Excerpted data:
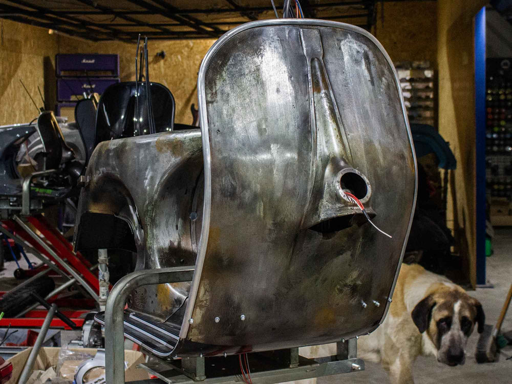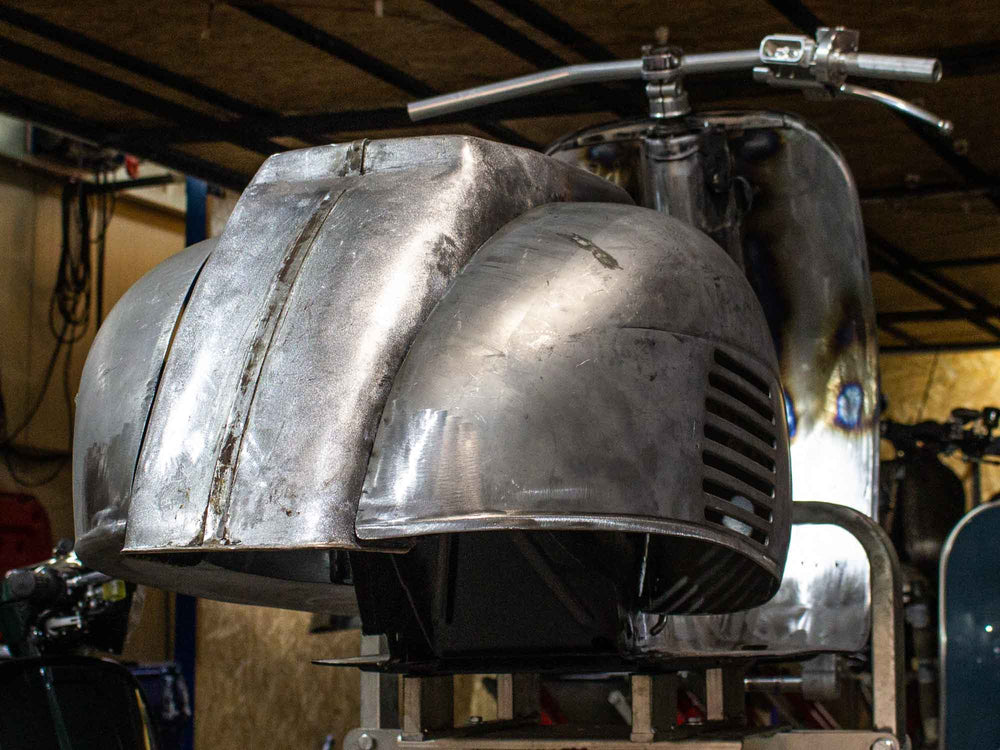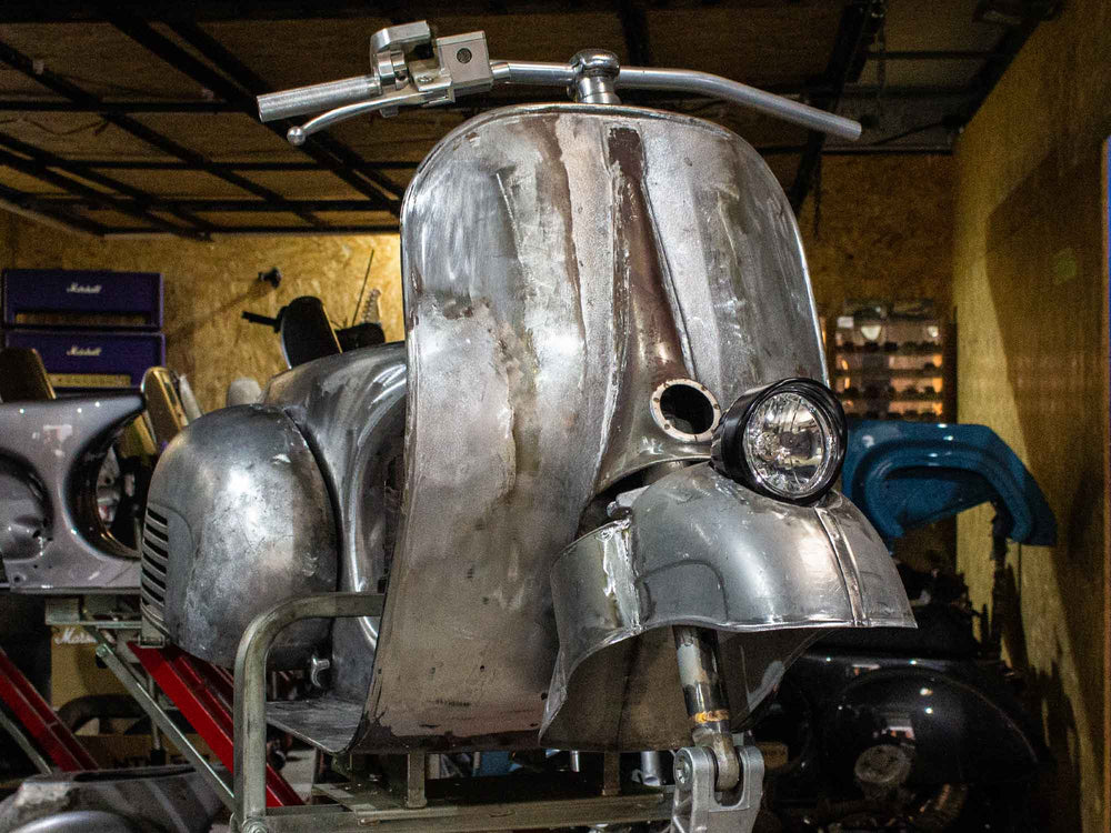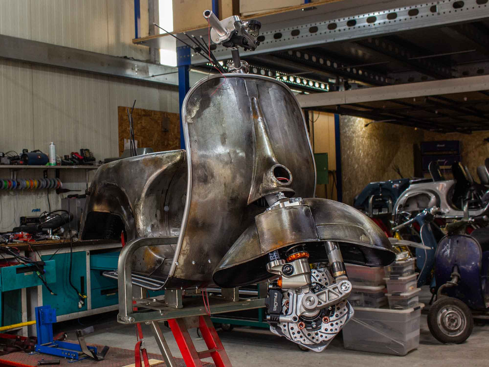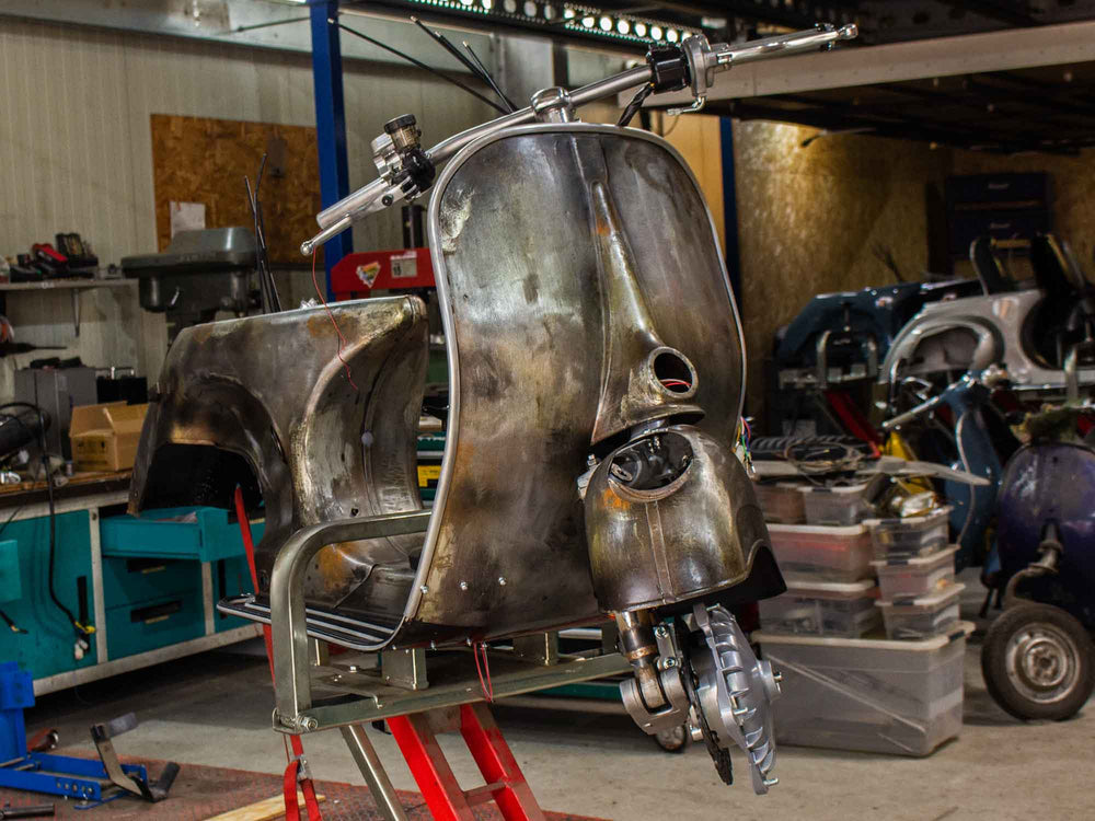 Vespa PX-VNB Conversion mit Drag Bar Lenker und 250ccm Quattrini Motor im Raw Metal Style.
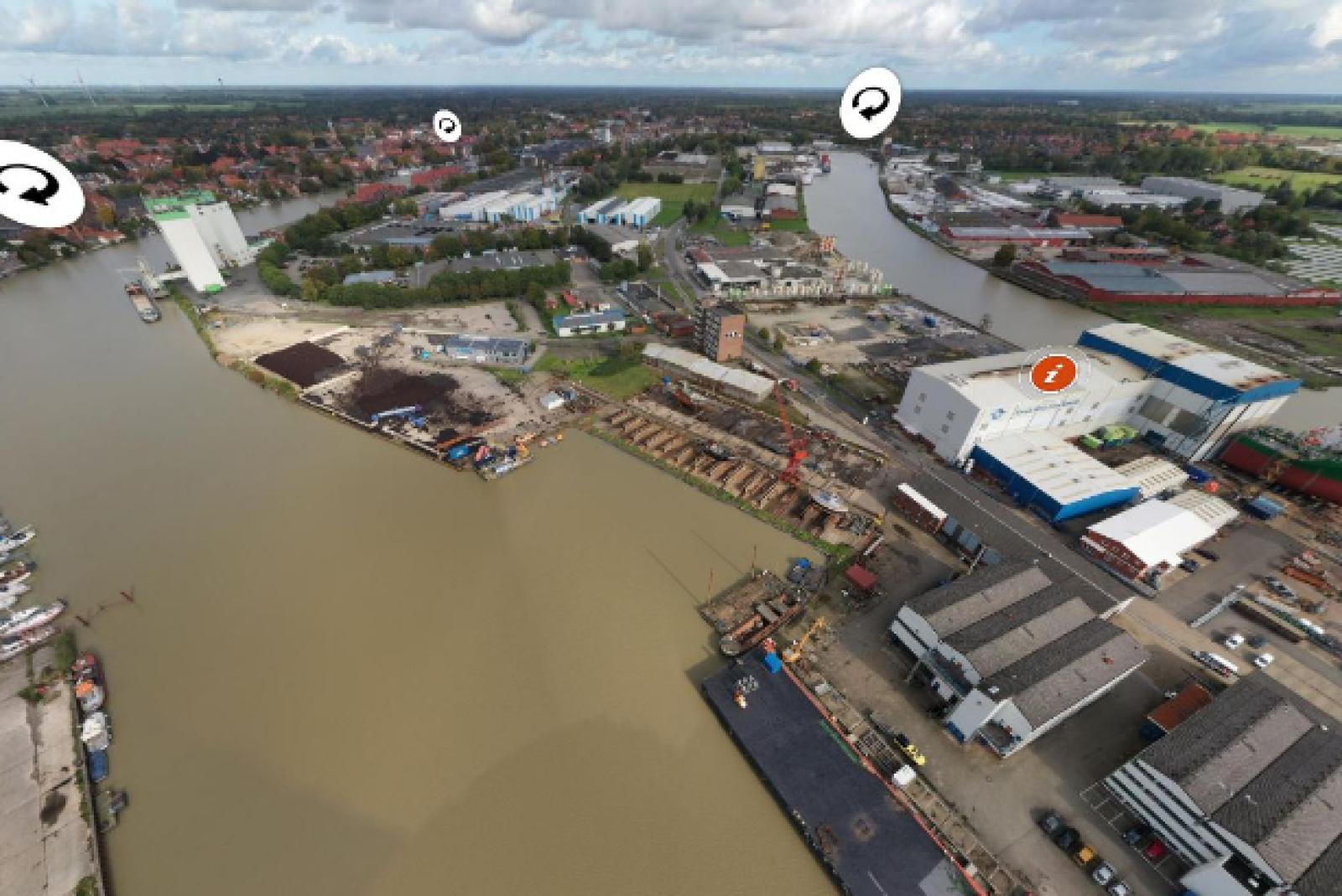 Leeraner Hafen aus der Vogelperspektive betrachten
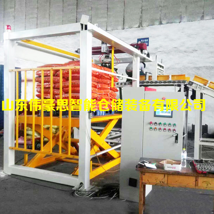 高位全自动码垛机主要由:爬坡输送机、过渡缓冲机、压袋机、转袋调姿装置、编组装置、袋盘输送机、托盘自动供给机、成品托盘输送机等组成。
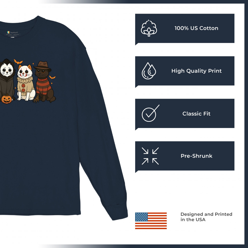 Horror Cats Halloween design with spooky costumes, Jack o Lantern details, and Haunted House vibes. Perfect October 31 outfit for cat lovers.
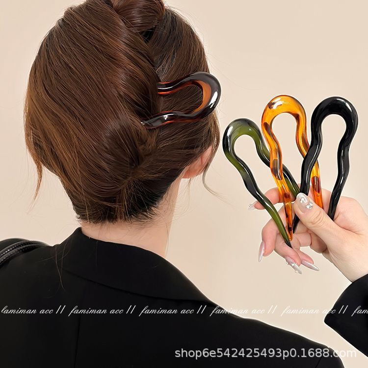亚马逊跨境新款法式醋酸发簪女U型发夹复古高级感丸子头盘发簪子
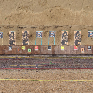 Temp 11 Degrees - 15 Degrees Wind 0mph - 2mph left to right. Distances: 300, 200, 100yds (Short Range Match & Whitehead Match) 100, 75, 50, 25yds (Urban Contact Match) After the mandatory Range Briefing courtesy of Peter Cottrell and Martin Camp, shooting got underway. Firing details A & B, E & F got the pleasure of shooting their respective matches (SR & UCM) in the rain, the rain itself was fairly constant and typical of Bisley it stopped pouring down just as these first matches finished, the sun then began to shine through. With some fortune, the wind stayed away, on occasion it did blow a little but nothing to write home about, almost negligible, so shooting was pure elevation adjustments and skill! This first event is challenging as two of the three shoots are dynamic, meaning the shooter fires all 4 or more stages in one go without a swap for the second firer. Skills are tested as these shoots test positional techniques under stressful timed stages, typically with some run downs between distances. Always a favourite of the shooter!
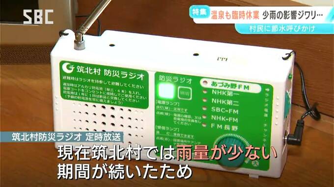 (防災ラジオの放送):「現在、筑北村では雨量が少ない期間が続いたため、水道水の水源が著しく低下しており、断水になる可能性があります。村民の皆さまにはできる限りの節水にご協力をお願いします」
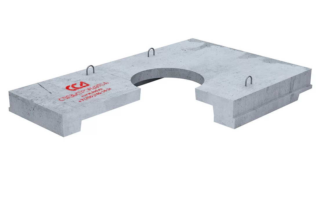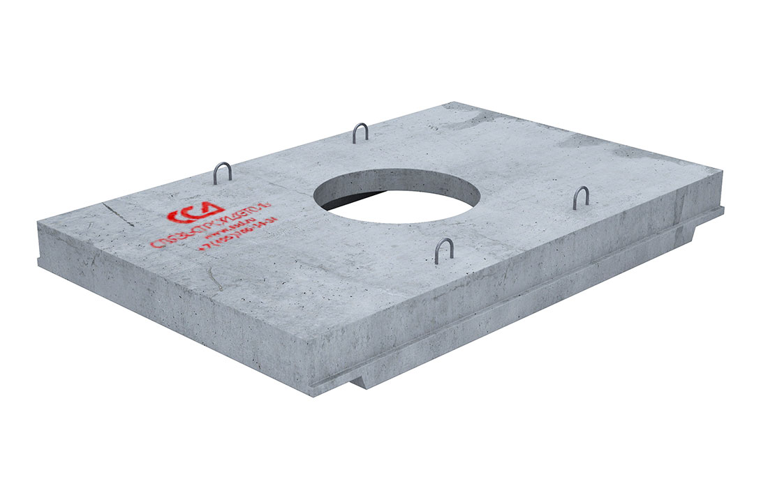 Представляет собой прямоугольную плиту покрытия с выступами на нижней и боковых поверхностях и с отверстием для люка, которая устанавливается на стеновые блоки. Выступ на нижней поверхности плиты находится ниже уровня верхних поверхностей стеновых блоков, что обеспечивает необходимую степень прочности смонтированного колодца. После установки плиты выступы на ее боковых поверхностях образуют пазы, которые заполняются бетоном. Отверстие имеет круглую форму и располагается по центру плиты. На верхней грани плиты имеются четыре петли, обеспечивающие возможность строповки плиты при её погрузке-разгрузке и при опускании плиты на смонтированный корпус колодца. Плита покрытия рассчитана на нормативную нагрузку НК-80. Для идентификации производителя изделия, на внутренней поверхности плиты, в бетоне, отлит логотип ССД.
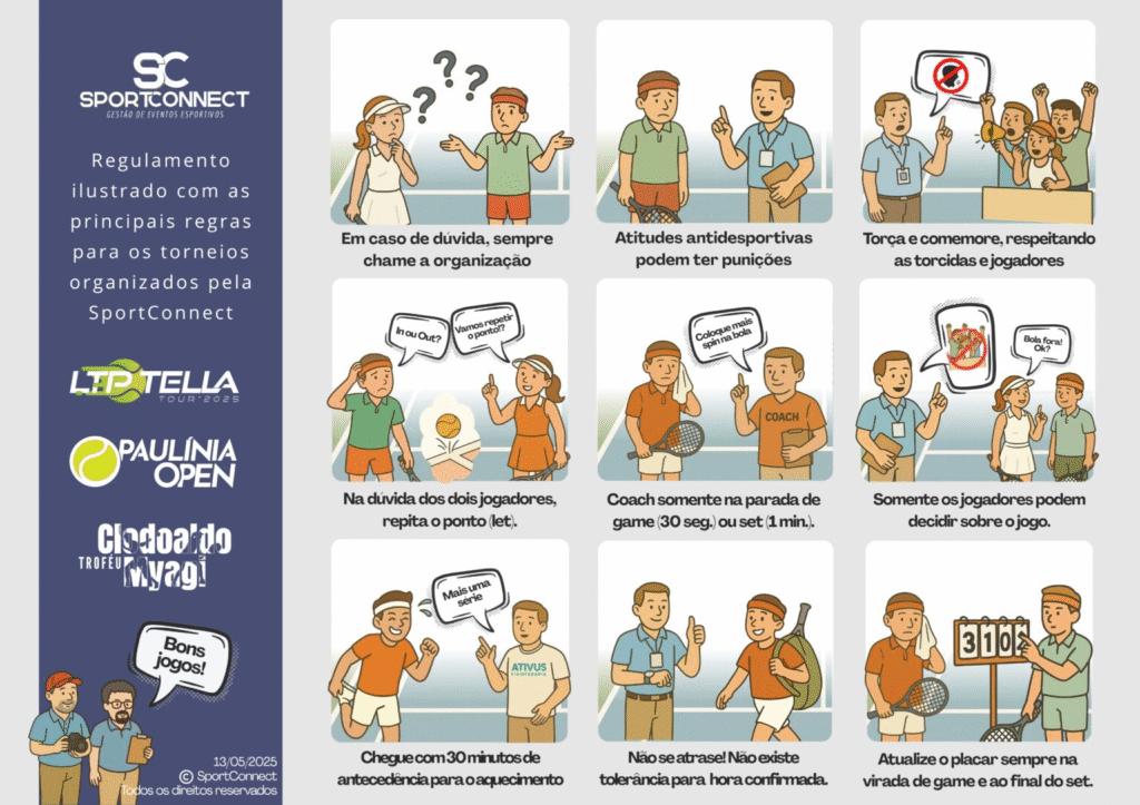 O regulamento do torneio segue os mesmos princípios aplicados em todos os torneios realizados pela Sport Connect, com alguns ajustes, e pode ser consultado neste link acessando aqui.

Problem to work on:
Each line of the data must be restated exactly, and the pictures must be left out.

Response area:
 Vespa PX-VNB Conversion mit Drag Bar Lenker und 250ccm Quattrini Motor im Raw Metal Style.
 Leeraner Hafen aus der Vogelperspektive betrachten
 高位全自动码垛机主要由:爬坡输送机、过渡缓冲机、压袋机、转袋调姿装置、编组装置、袋盘输送机、托盘自动供给机、成品托盘输送机等组成。
 Horror Cats Halloween design with spooky costumes, Jack o Lantern details, and Haunted House vibes. Perfect October 31 outfit for cat lovers.
亚马逊跨境新款法式醋酸发簪女U型发夹复古高级感丸子头盘发簪子
 Temp 11 Degrees - 15 Degrees Wind 0mph - 2mph left to right. Distances: 300, 200, 100yds (Short Range Match & Whitehead Match) 100, 75, 50, 25yds (Urban Contact Match) After the mandatory Range Briefing courtesy of Peter Cottrell and Martin Camp, shooting got underway. Firing details A & B, E & F got the pleasure of shooting their respective matches (SR & UCM) in the rain, the rain itself was fairly constant and typical of Bisley it stopped pouring down just as these first matches finished, the sun then began to shine through. With some fortune, the wind stayed away, on occasion it did blow a little but nothing to write home about, almost negligible, so shooting was pure elevation adjustments and skill! This first event is challenging as two of the three shoots are dynamic, meaning the shooter fires all 4 or more stages in one go without a swap for the second firer. Skills are tested as these shoots test positional techniques under stressful timed stages, typically with some run downs between distances. Always a favourite of the shooter!
 (防災ラジオの放送):「現在、筑北村では雨量が少ない期間が続いたため、水道水の水源が著しく低下しており、断水になる可能性があります。村民の皆さまにはできる限りの節水にご協力をお願いします」
 Представляет собой прямоугольную плиту покрытия с выступами на нижней и боковых поверхностях и с отверстием для люка, которая устанавливается на стеновые блоки. Выступ на нижней поверхности плиты находится ниже уровня верхних поверхностей стеновых блоков, что обеспечивает необходимую степень прочности смонтированного колодца. После установки плиты выступы на ее боковых поверхностях образуют пазы, которые заполняются бетоном. Отверстие имеет круглую форму и располагается по центру плиты. На верхней грани плиты имеются четыре петли, обеспечивающие возможность строповки плиты при её погрузке-разгрузке и при опускании плиты на смонтированный корпус колодца. Плита покрытия рассчитана на нормативную нагрузку НК-80. Для идентификации производителя изделия, на внутренней поверхности плиты, в бетоне, отлит логотип ССД.
 O regulamento do torneio segue os mesmos princípios aplicados em todos os torneios realizados pela Sport Connect, com alguns ajustes, e pode ser consultado neste link acessando aqui.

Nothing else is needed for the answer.